Chlamydia Vaccine Appears Safe After Phase 1 Trial
AUGUST 12, 2019
Sonya Abraham, PhD
A team of investigators, led by Sonya Abraham, PhD, Clinical Senior Lecturer in Rheumatology and General Internal Medicine at Imperial College London, found the recombinant protein subunit—CTH522—was safe in a prime-boost immunization schedule in a phase 1, first-in-human, double-blind, parallel, randomized, placebo-controlled trial at the Hammersmith Hospital in London.
The trial included 35 healthy women between 19-45 years old from August 15, 2016-February 13, 2017 randomly assigned to 3 different groups—CTH522 adjuvanted with CAF01 liposomes (CTH522:CAF01), CTH522 adjuvanted with aluminum hydroxide (CTH522:AH), or a placebo (saline).
Each participant received 3 intramuscular injections of 85 µg of the vaccine or placebo to the deltoid region of the arm, 1 and 4 months after an initial injections, followed by 30 µg of the unadjuvanted vaccine or placebo in each nostril at 4.5 and 5 months.
“No related serious adverse reactions were reported, and the most frequent adverse events were mild local injection-site reactions, which were reported in all (15 (100%) of 15) participants in the 2 vaccine groups and in 3 (60%) of 5 participants in the placebo group (P =.053 for both comparisons),” the authors wrote. “Intranasal vaccination was not associated with a higher frequency of related local reactions (reported in 7 (47%) of 15 participants in the active treatment groups vs 3 (60%) of 5 in the placebo group; P =1.0).”

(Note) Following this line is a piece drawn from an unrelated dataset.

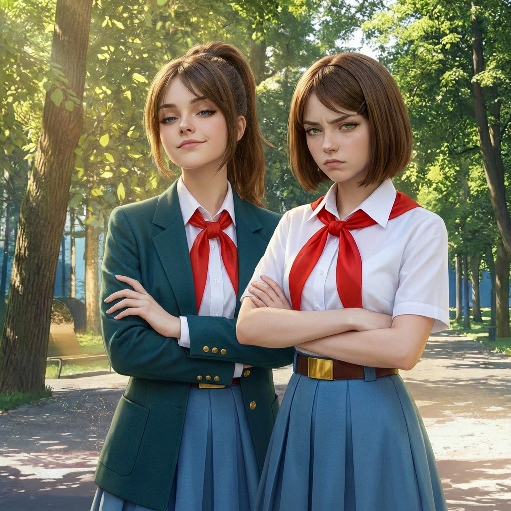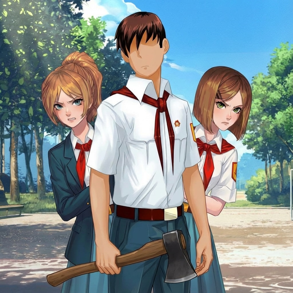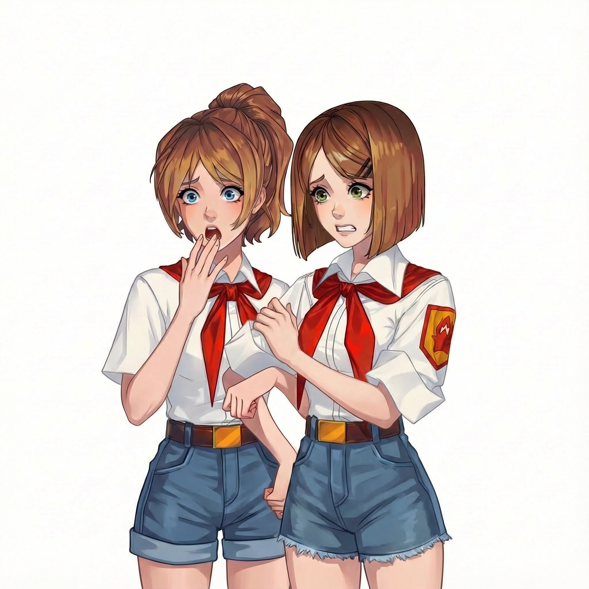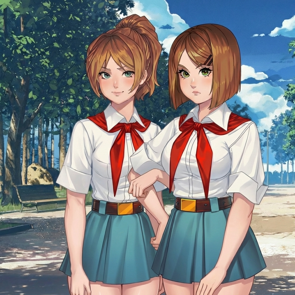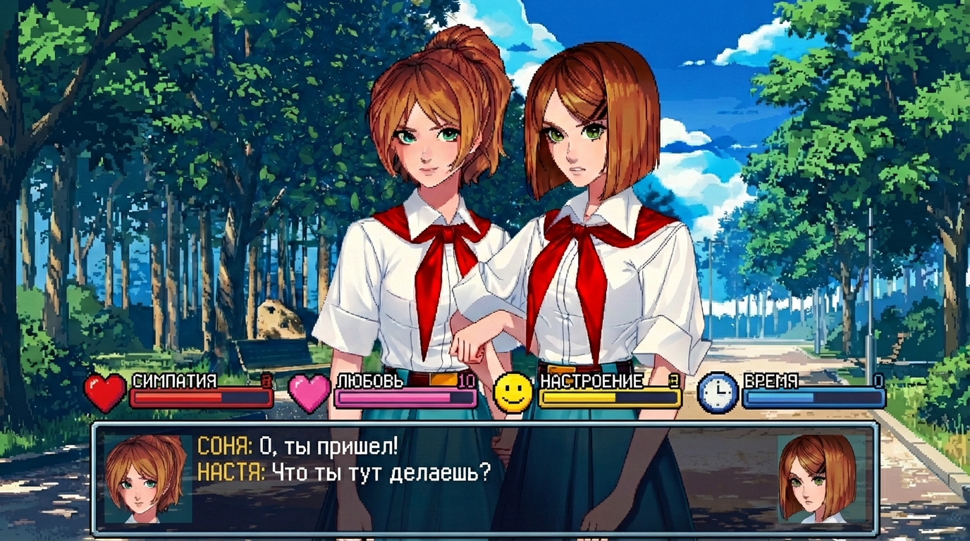Это Соня и Настя, самые оригинальные пионерки Бесконечного Лета 2. Почему? Да потому что, на самом деле, это одна пионерка, которая при попадании в лагерь разделилась на две личности. (ну или еще есть версия, что это одна личность из двух параллельных вселенных, не суть).

The most frequent reported local reaction were injection-site pain, tenderness, and movement impairment. However, 88-93% of the events reported by each of the 3 groups was labeled as mild, lasting a median of 2-4 days for all groups.
Both vaccination groups induced anti-CTH522 IgG seroconversion in 100% of participants after 5 immunization, while no member of the placebo group seroconverted. CTH522:CAF01 also showed accelerated seroconversion, increased IgG titres, an enhanced mucosal antibody profile, and a more consistent cell-mediated immune response when compared with CTH522:AH.

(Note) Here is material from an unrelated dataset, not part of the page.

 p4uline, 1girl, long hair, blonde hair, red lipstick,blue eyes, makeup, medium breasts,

“CTH522 adjuvanted with either CAF01 or aluminum hydroxide appears to be safe and well tolerated,” the authors wrote. “Both vaccines were immunogenic, although CTH522:CAF01 had a better immunogenicity profile, holding promise for further clinical development.”

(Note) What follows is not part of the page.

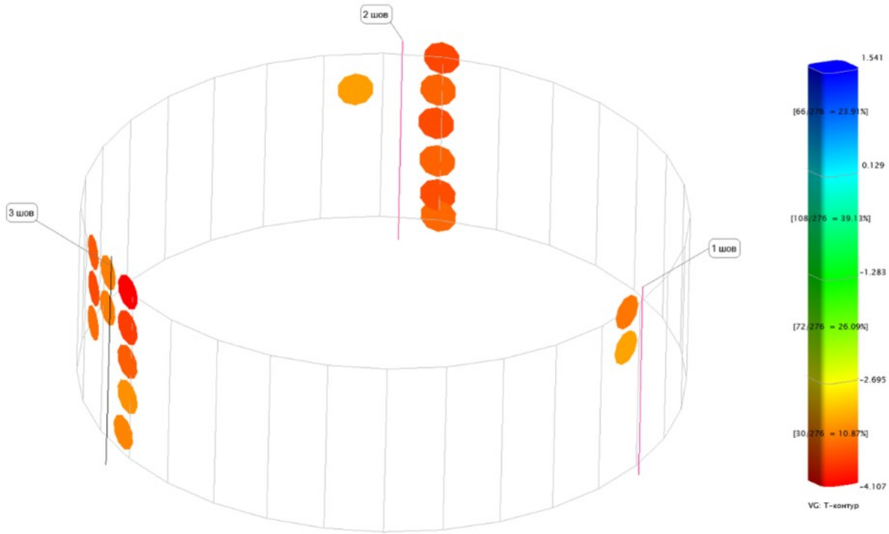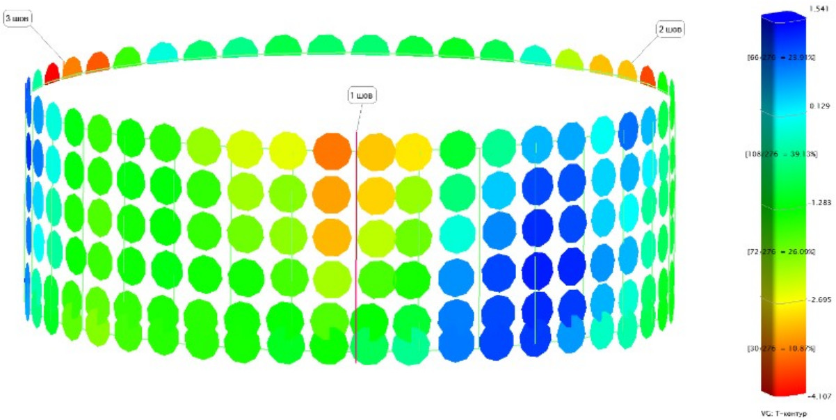 На рис. 9–12 показаны векторы отклонений от действительного размера. Знак «–» в значении отклонения означает, что вектор отклонения направлен внутрь обечайки. Максимальное отклонение от оси обечайки составило +1,541 мм; внутрь – 4,187 мм.

The new vaccine incorporates a key neutralizing epitope expressed in serotypes D—G, which are the most prevalent serotypes in clinical circulation, representing close to 90% of genital C trachomatis infections.
The vaccine molecule also contains a large MOMP segment shared among all genital tract isolates, known to contain both shared B-cell and T-cell epitopes.
Future clinical efficacy trials could provide some level of protection against the remaining 10% of clinically relevant serovars.
According to the World Health Organization (WHO), there are an estimated 131 million annual incident infections of chlamydia, making it the most common sexually transmitted disease. Untreated or repeated infections are the main drivers of chlamydia-associated morbidity, accounting for approximately 370,000 disability-adjusted life years annually.